→ **TASK GOAL**: Copy the records below exactly, from the line containing "Boc gold flower" through the last line, and leave out every picture.

Records from a dataset:

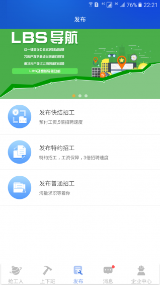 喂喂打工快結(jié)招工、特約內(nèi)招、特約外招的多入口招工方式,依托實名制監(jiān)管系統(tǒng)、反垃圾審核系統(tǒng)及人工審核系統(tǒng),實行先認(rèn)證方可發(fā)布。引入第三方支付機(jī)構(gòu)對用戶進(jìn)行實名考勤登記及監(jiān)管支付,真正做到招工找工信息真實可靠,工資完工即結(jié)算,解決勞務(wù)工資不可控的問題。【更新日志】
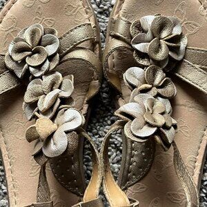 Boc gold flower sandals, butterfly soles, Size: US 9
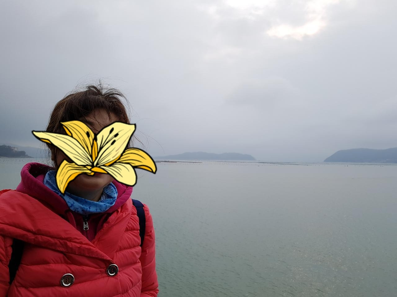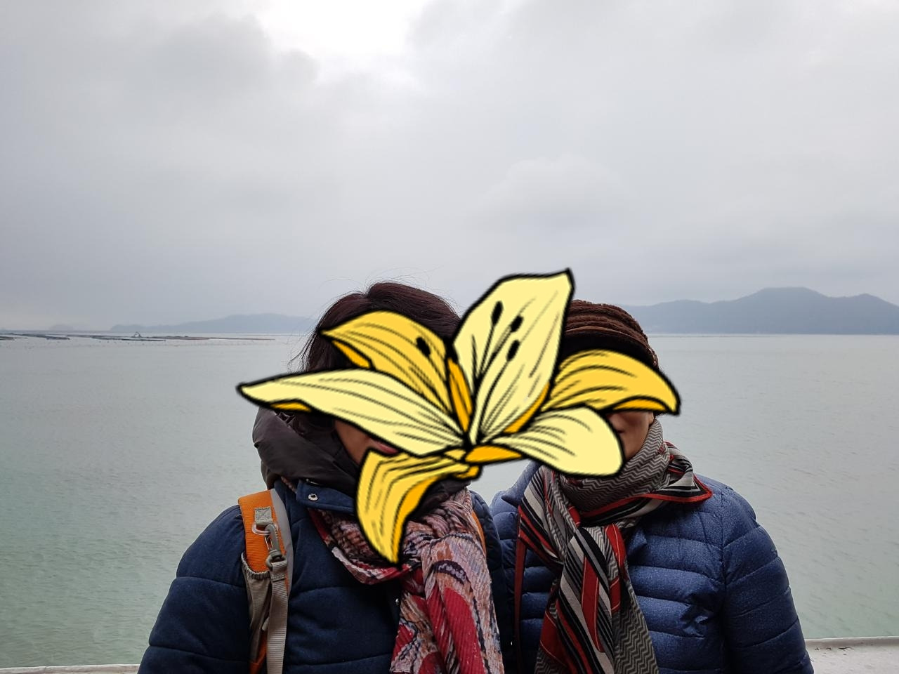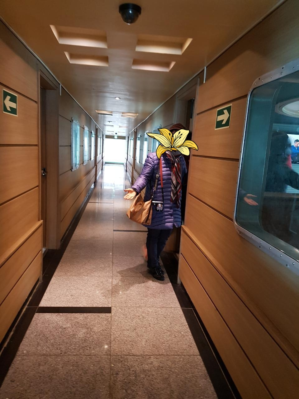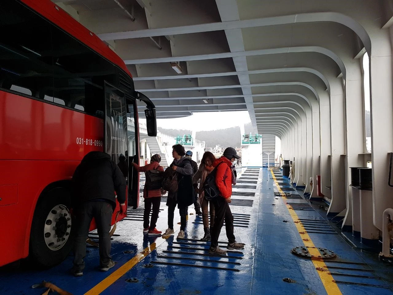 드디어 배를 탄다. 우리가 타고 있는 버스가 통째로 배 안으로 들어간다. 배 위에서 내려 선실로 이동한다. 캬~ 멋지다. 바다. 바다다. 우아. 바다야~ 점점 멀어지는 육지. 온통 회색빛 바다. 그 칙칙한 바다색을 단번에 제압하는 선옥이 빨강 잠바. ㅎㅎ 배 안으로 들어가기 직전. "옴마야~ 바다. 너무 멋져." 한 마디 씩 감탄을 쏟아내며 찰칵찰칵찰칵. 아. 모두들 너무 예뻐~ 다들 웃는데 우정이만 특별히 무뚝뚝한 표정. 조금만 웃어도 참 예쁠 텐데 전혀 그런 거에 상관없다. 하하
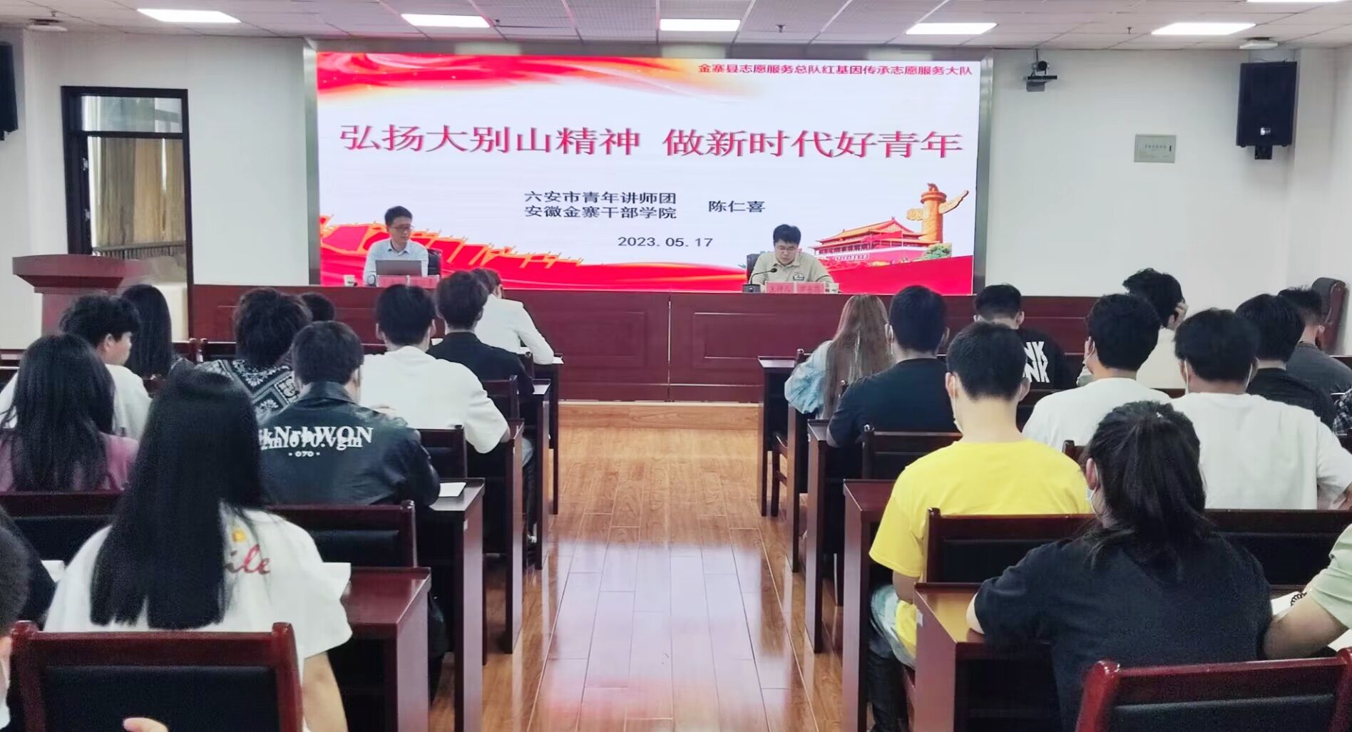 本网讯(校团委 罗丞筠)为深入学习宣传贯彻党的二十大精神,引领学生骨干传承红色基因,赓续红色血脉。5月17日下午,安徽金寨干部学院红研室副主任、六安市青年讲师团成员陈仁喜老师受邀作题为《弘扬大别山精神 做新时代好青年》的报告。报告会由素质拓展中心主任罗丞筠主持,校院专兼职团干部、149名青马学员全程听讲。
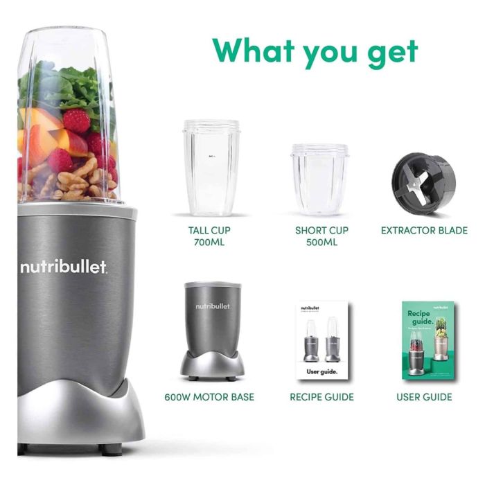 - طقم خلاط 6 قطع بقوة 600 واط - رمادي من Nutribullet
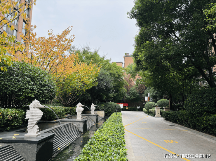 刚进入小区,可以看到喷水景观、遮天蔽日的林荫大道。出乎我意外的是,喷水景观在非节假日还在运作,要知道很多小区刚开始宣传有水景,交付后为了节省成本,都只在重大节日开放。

→ **SOLUTION TO THE EXERCISE**:
 Boc gold flower sandals, butterfly soles, Size: US 9
 드디어 배를 탄다. 우리가 타고 있는 버스가 통째로 배 안으로 들어간다. 배 위에서 내려 선실로 이동한다. 캬~ 멋지다. 바다. 바다다. 우아. 바다야~ 점점 멀어지는 육지. 온통 회색빛 바다. 그 칙칙한 바다색을 단번에 제압하는 선옥이 빨강 잠바. ㅎㅎ 배 안으로 들어가기 직전. "옴마야~ 바다. 너무 멋져." 한 마디 씩 감탄을 쏟아내며 찰칵찰칵찰칵. 아. 모두들 너무 예뻐~ 다들 웃는데 우정이만 특별히 무뚝뚝한 표정. 조금만 웃어도 참 예쁠 텐데 전혀 그런 거에 상관없다. 하하
 本网讯(校团委 罗丞筠)为深入学习宣传贯彻党的二十大精神,引领学生骨干传承红色基因,赓续红色血脉。5月17日下午,安徽金寨干部学院红研室副主任、六安市青年讲师团成员陈仁喜老师受邀作题为《弘扬大别山精神 做新时代好青年》的报告。报告会由素质拓展中心主任罗丞筠主持,校院专兼职团干部、149名青马学员全程听讲。
 - طقم خلاط 6 قطع بقوة 600 واط - رمادي من Nutribullet
 刚进入小区,可以看到喷水景观、遮天蔽日的林荫大道。出乎我意外的是,喷水景观在非节假日还在运作,要知道很多小区刚开始宣传有水景,交付后为了节省成本,都只在重大节日开放。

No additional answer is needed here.